*What you have to do*:
Print all of the records. Exclude the images.

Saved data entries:
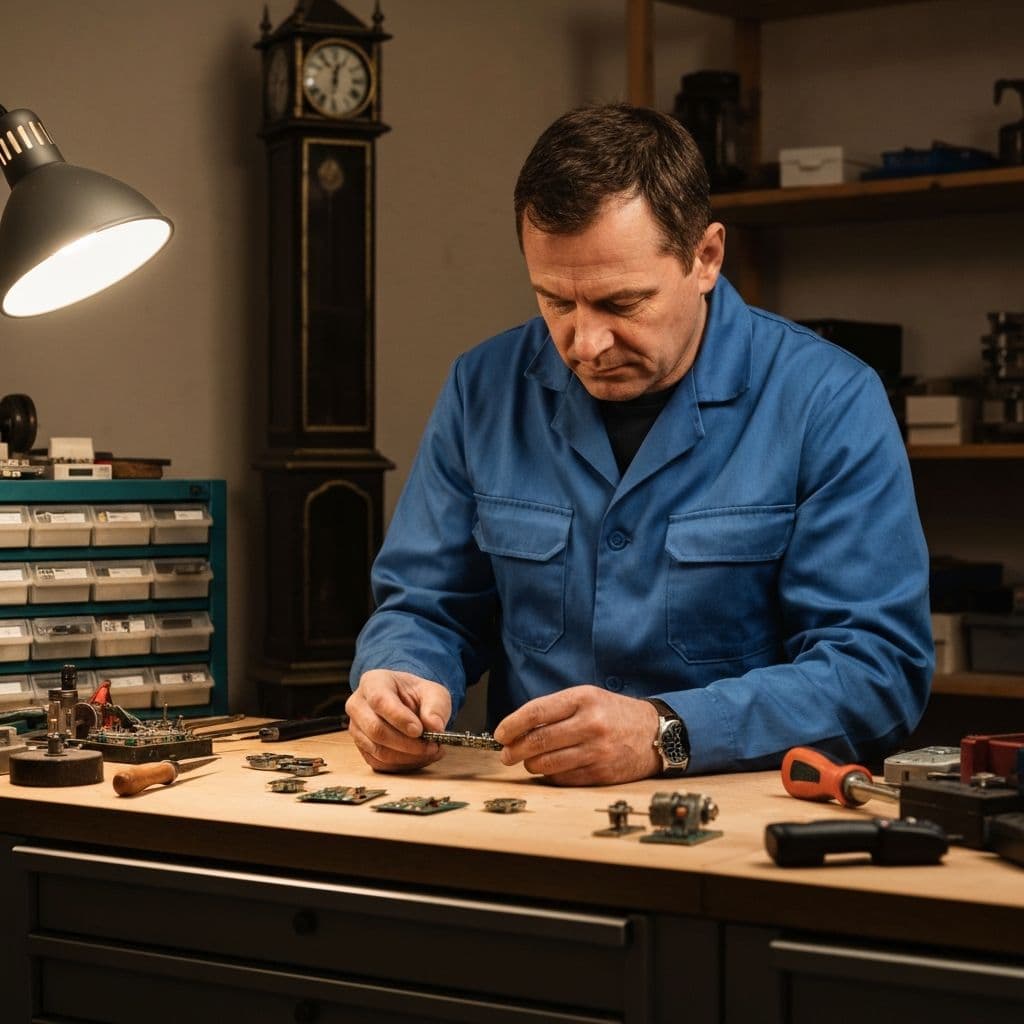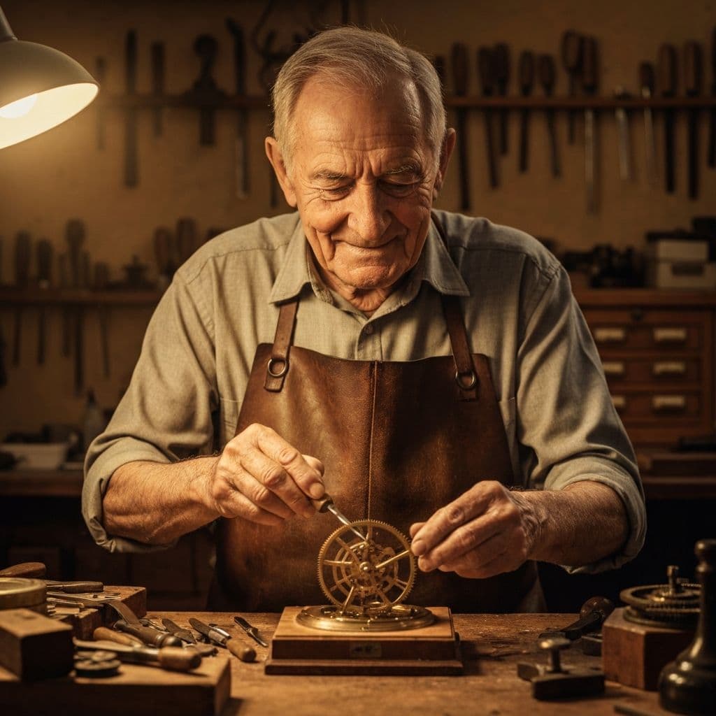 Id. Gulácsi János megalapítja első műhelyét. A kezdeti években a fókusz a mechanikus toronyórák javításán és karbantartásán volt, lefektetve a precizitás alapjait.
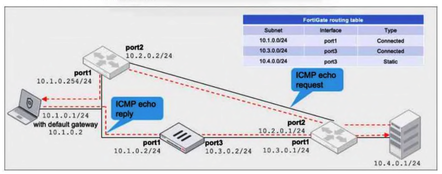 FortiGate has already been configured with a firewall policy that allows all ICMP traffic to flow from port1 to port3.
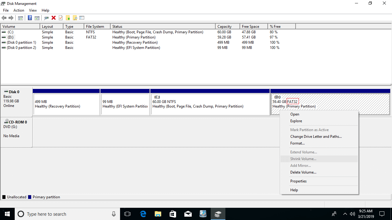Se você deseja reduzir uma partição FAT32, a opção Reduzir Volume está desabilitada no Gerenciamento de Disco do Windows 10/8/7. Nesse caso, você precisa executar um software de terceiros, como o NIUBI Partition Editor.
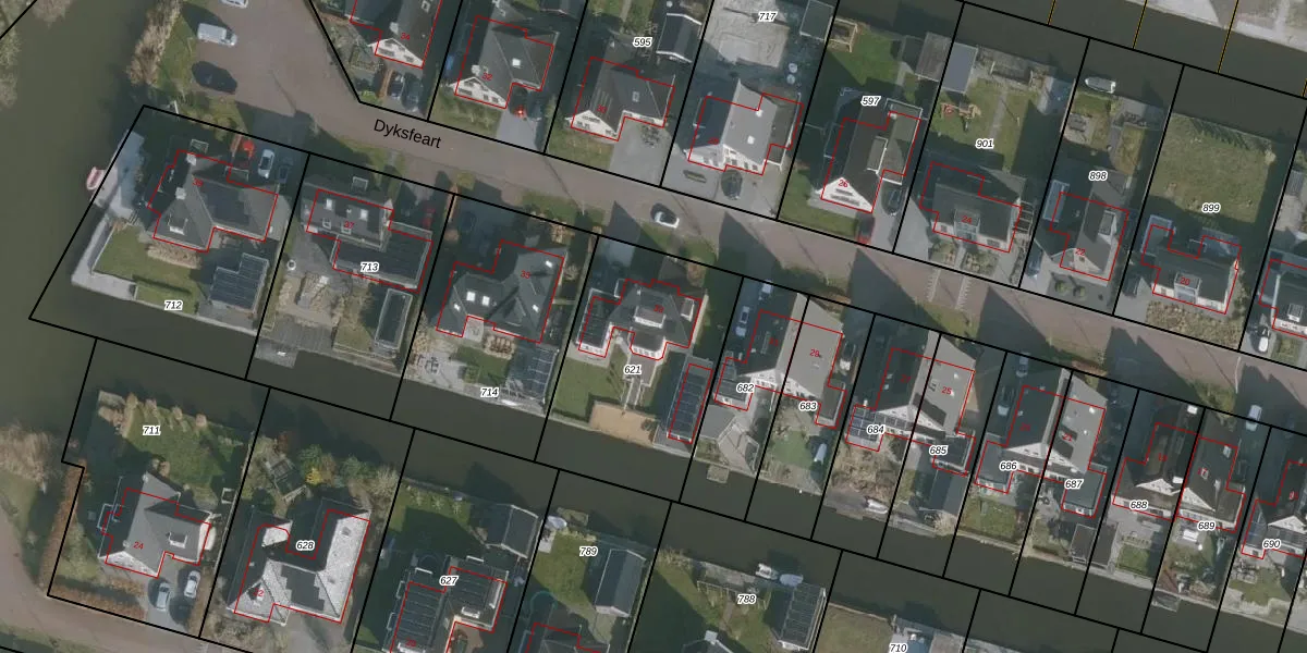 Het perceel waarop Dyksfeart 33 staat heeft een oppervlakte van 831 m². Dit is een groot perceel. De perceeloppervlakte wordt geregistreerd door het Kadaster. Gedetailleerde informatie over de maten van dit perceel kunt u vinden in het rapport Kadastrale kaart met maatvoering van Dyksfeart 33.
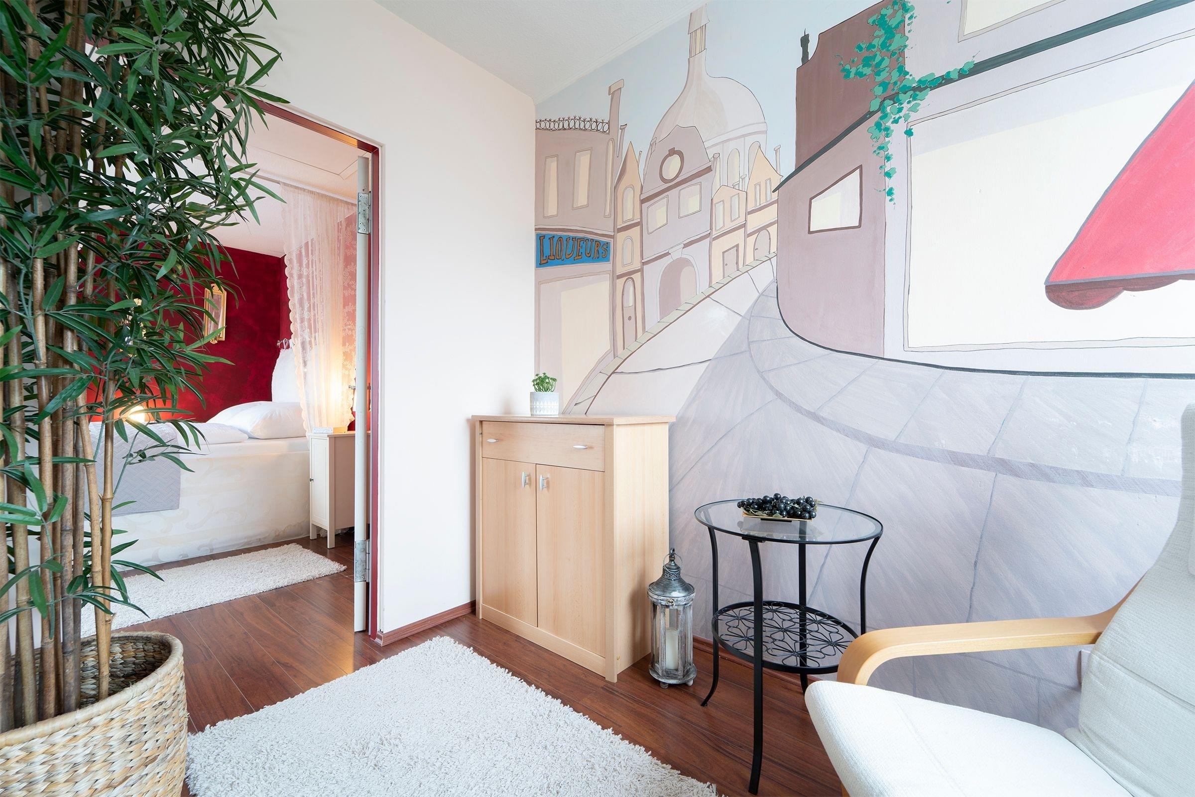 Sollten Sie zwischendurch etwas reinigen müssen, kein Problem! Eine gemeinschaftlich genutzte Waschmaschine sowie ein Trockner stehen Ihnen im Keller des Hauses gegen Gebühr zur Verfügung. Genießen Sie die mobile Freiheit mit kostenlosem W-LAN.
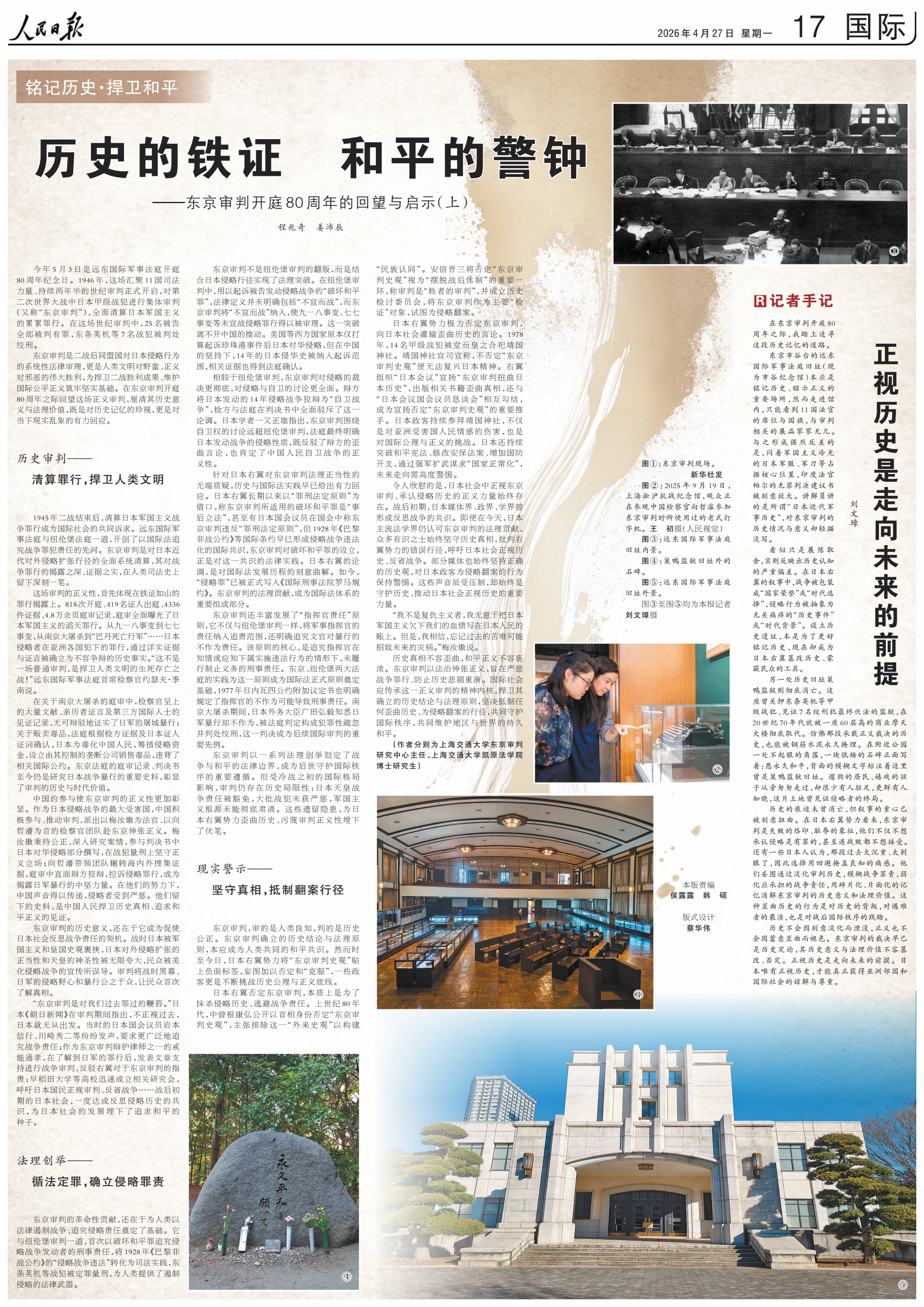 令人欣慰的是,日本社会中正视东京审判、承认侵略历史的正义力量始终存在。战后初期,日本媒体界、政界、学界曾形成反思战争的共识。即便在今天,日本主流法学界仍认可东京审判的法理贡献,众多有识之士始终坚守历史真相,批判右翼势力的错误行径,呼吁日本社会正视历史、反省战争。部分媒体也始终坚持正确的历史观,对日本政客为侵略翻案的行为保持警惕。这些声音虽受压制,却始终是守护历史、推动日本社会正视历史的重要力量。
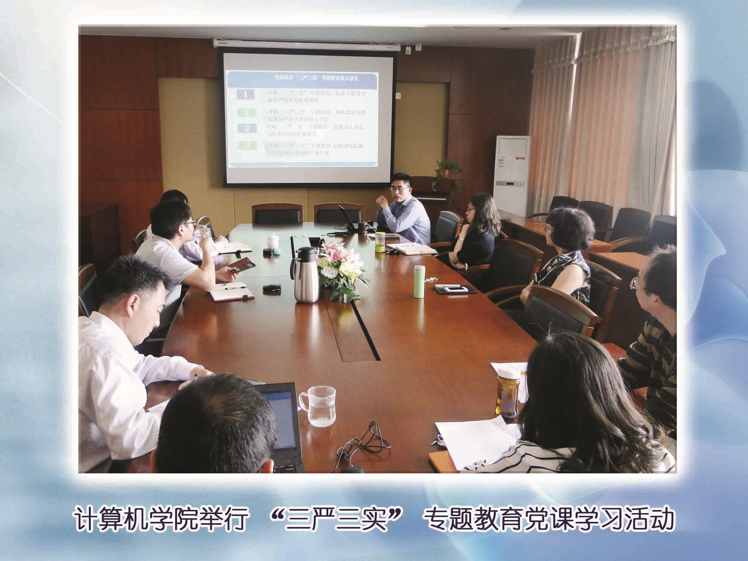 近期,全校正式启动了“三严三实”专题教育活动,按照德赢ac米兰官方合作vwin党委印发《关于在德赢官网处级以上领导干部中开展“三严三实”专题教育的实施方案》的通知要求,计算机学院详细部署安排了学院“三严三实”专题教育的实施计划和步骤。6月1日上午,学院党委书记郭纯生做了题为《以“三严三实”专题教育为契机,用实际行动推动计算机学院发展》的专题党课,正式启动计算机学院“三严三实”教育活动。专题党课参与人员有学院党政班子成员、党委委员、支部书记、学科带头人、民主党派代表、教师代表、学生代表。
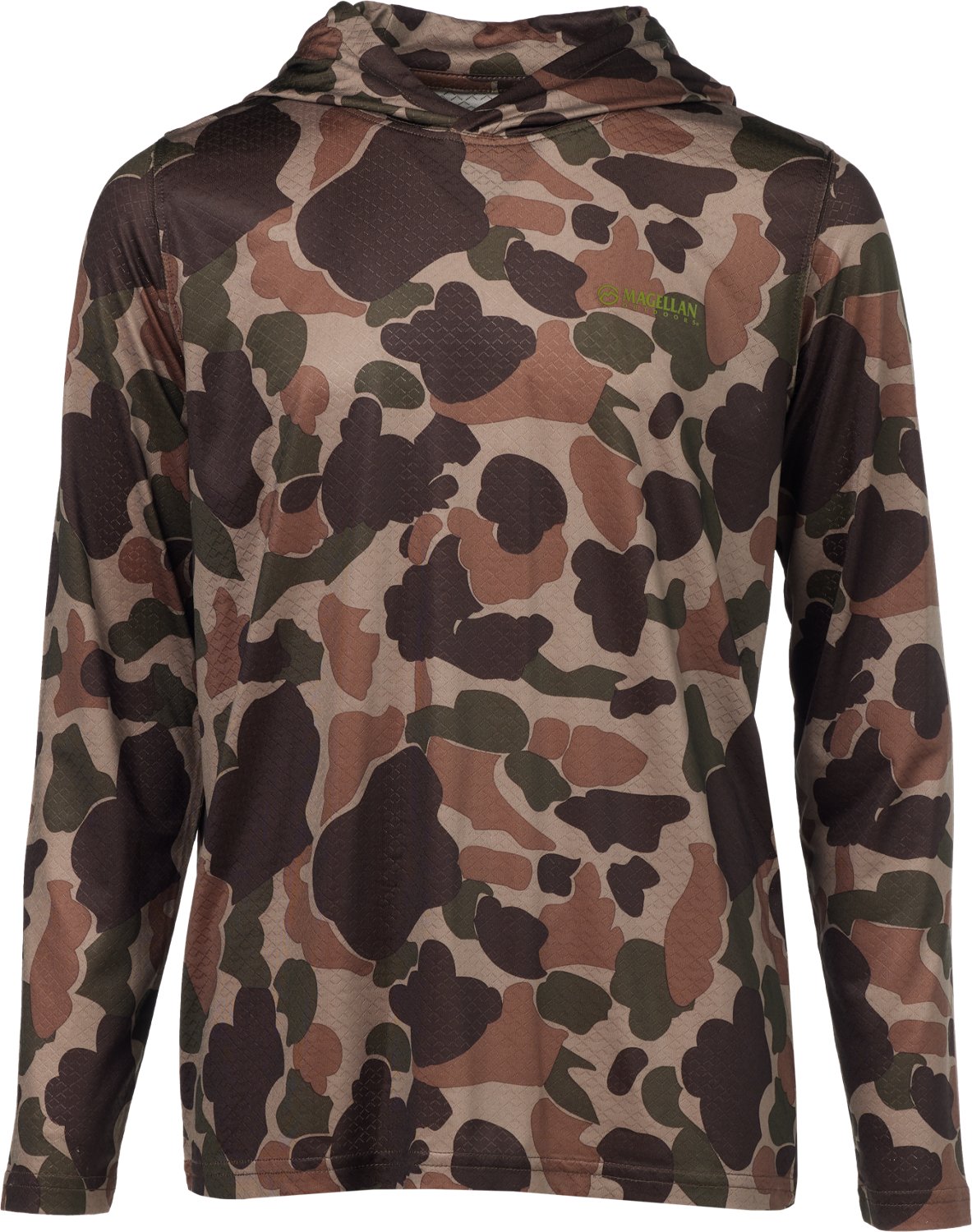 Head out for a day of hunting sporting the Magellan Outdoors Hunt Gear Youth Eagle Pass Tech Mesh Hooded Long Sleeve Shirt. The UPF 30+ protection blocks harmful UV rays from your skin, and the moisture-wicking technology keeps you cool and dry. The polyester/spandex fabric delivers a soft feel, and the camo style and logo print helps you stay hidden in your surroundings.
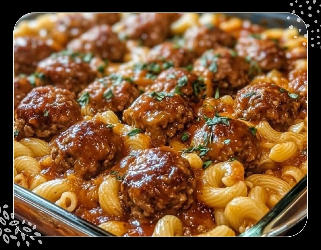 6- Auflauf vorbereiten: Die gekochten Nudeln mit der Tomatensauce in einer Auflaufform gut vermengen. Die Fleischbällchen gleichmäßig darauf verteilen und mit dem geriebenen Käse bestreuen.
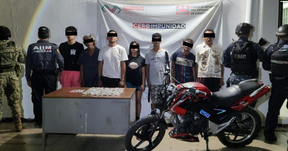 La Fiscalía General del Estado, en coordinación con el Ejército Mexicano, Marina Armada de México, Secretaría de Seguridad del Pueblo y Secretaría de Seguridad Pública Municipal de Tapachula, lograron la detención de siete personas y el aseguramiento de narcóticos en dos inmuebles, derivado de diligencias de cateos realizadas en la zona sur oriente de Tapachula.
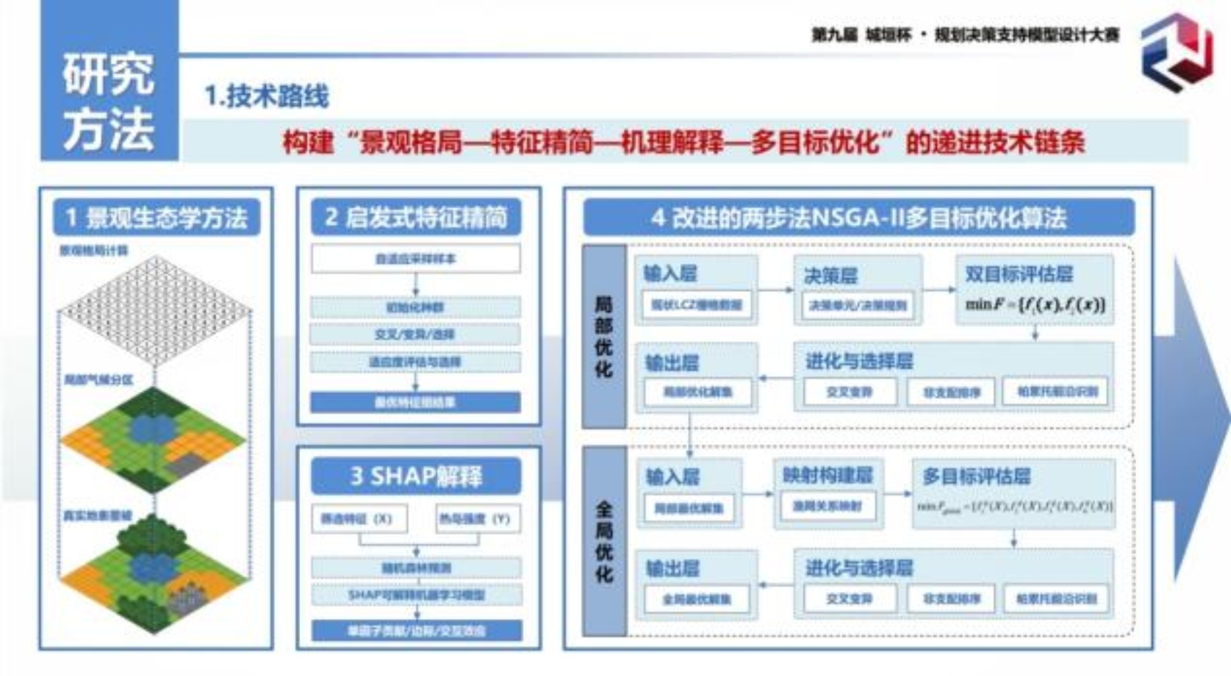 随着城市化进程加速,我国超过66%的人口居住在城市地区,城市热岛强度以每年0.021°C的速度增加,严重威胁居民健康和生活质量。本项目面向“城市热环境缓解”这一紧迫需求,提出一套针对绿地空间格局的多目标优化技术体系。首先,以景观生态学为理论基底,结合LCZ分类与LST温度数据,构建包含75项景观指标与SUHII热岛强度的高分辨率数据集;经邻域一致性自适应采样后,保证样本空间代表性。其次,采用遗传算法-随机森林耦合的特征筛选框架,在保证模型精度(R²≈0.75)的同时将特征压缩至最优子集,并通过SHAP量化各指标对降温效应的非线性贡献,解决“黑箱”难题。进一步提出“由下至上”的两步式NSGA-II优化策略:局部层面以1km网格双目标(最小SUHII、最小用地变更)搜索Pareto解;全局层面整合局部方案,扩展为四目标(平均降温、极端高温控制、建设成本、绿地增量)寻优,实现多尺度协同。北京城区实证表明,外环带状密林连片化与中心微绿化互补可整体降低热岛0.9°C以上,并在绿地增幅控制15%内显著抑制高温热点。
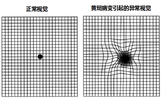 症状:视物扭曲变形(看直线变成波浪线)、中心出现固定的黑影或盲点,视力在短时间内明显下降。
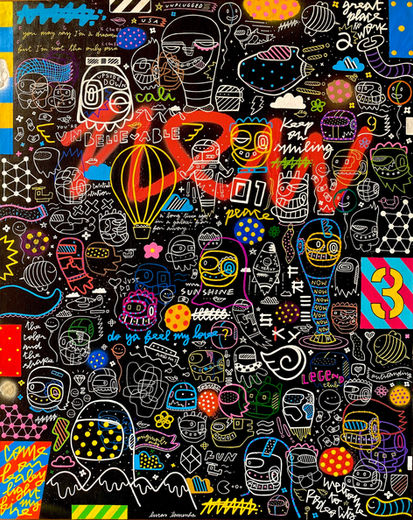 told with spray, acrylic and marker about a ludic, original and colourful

*Answer to the problem*:
 Id. Gulácsi János megalapítja első műhelyét. A kezdeti években a fókusz a mechanikus toronyórák javításán és karbantartásán volt, lefektetve a precizitás alapjait.
 FortiGate has already been configured with a firewall policy that allows all ICMP traffic to flow from port1 to port3.
Se você deseja reduzir uma partição FAT32, a opção Reduzir Volume está desabilitada no Gerenciamento de Disco do Windows 10/8/7. Nesse caso, você precisa executar um software de terceiros, como o NIUBI Partition Editor.
 Het perceel waarop Dyksfeart 33 staat heeft een oppervlakte van 831 m². Dit is een groot perceel. De perceeloppervlakte wordt geregistreerd door het Kadaster. Gedetailleerde informatie over de maten van dit perceel kunt u vinden in het rapport Kadastrale kaart met maatvoering van Dyksfeart 33.
 Sollten Sie zwischendurch etwas reinigen müssen, kein Problem! Eine gemeinschaftlich genutzte Waschmaschine sowie ein Trockner stehen Ihnen im Keller des Hauses gegen Gebühr zur Verfügung. Genießen Sie die mobile Freiheit mit kostenlosem W-LAN.
 令人欣慰的是,日本社会中正视东京审判、承认侵略历史的正义力量始终存在。战后初期,日本媒体界、政界、学界曾形成反思战争的共识。即便在今天,日本主流法学界仍认可东京审判的法理贡献,众多有识之士始终坚守历史真相,批判右翼势力的错误行径,呼吁日本社会正视历史、反省战争。部分媒体也始终坚持正确的历史观,对日本政客为侵略翻案的行为保持警惕。这些声音虽受压制,却始终是守护历史、推动日本社会正视历史的重要力量。
 近期,全校正式启动了“三严三实”专题教育活动,按照德赢ac米兰官方合作vwin党委印发《关于在德赢官网处级以上领导干部中开展“三严三实”专题教育的实施方案》的通知要求,计算机学院详细部署安排了学院“三严三实”专题教育的实施计划和步骤。6月1日上午,学院党委书记郭纯生做了题为《以“三严三实”专题教育为契机,用实际行动推动计算机学院发展》的专题党课,正式启动计算机学院“三严三实”教育活动。专题党课参与人员有学院党政班子成员、党委委员、支部书记、学科带头人、民主党派代表、教师代表、学生代表。
 Head out for a day of hunting sporting the Magellan Outdoors Hunt Gear Youth Eagle Pass Tech Mesh Hooded Long Sleeve Shirt. The UPF 30+ protection blocks harmful UV rays from your skin, and the moisture-wicking technology keeps you cool and dry. The polyester/spandex fabric delivers a soft feel, and the camo style and logo print helps you stay hidden in your surroundings.
 6- Auflauf vorbereiten: Die gekochten Nudeln mit der Tomatensauce in einer Auflaufform gut vermengen. Die Fleischbällchen gleichmäßig darauf verteilen und mit dem geriebenen Käse bestreuen.
 La Fiscalía General del Estado, en coordinación con el Ejército Mexicano, Marina Armada de México, Secretaría de Seguridad del Pueblo y Secretaría de Seguridad Pública Municipal de Tapachula, lograron la detención de siete personas y el aseguramiento de narcóticos en dos inmuebles, derivado de diligencias de cateos realizadas en la zona sur oriente de Tapachula.
 随着城市化进程加速,我国超过66%的人口居住在城市地区,城市热岛强度以每年0.021°C的速度增加,严重威胁居民健康和生活质量。本项目面向“城市热环境缓解”这一紧迫需求,提出一套针对绿地空间格局的多目标优化技术体系。首先,以景观生态学为理论基底,结合LCZ分类与LST温度数据,构建包含75项景观指标与SUHII热岛强度的高分辨率数据集;经邻域一致性自适应采样后,保证样本空间代表性。其次,采用遗传算法-随机森林耦合的特征筛选框架,在保证模型精度(R²≈0.75)的同时将特征压缩至最优子集,并通过SHAP量化各指标对降温效应的非线性贡献,解决“黑箱”难题。进一步提出“由下至上”的两步式NSGA-II优化策略:局部层面以1km网格双目标(最小SUHII、最小用地变更)搜索Pareto解;全局层面整合局部方案,扩展为四目标(平均降温、极端高温控制、建设成本、绿地增量)寻优,实现多尺度协同。北京城区实证表明,外环带状密林连片化与中心微绿化互补可整体降低热岛0.9°C以上,并在绿地增幅控制15%内显著抑制高温热点。
 症状:视物扭曲变形(看直线变成波浪线)、中心出现固定的黑影或盲点,视力在短时间内明显下降。
 told with spray, acrylic and marker about a ludic, original and colourful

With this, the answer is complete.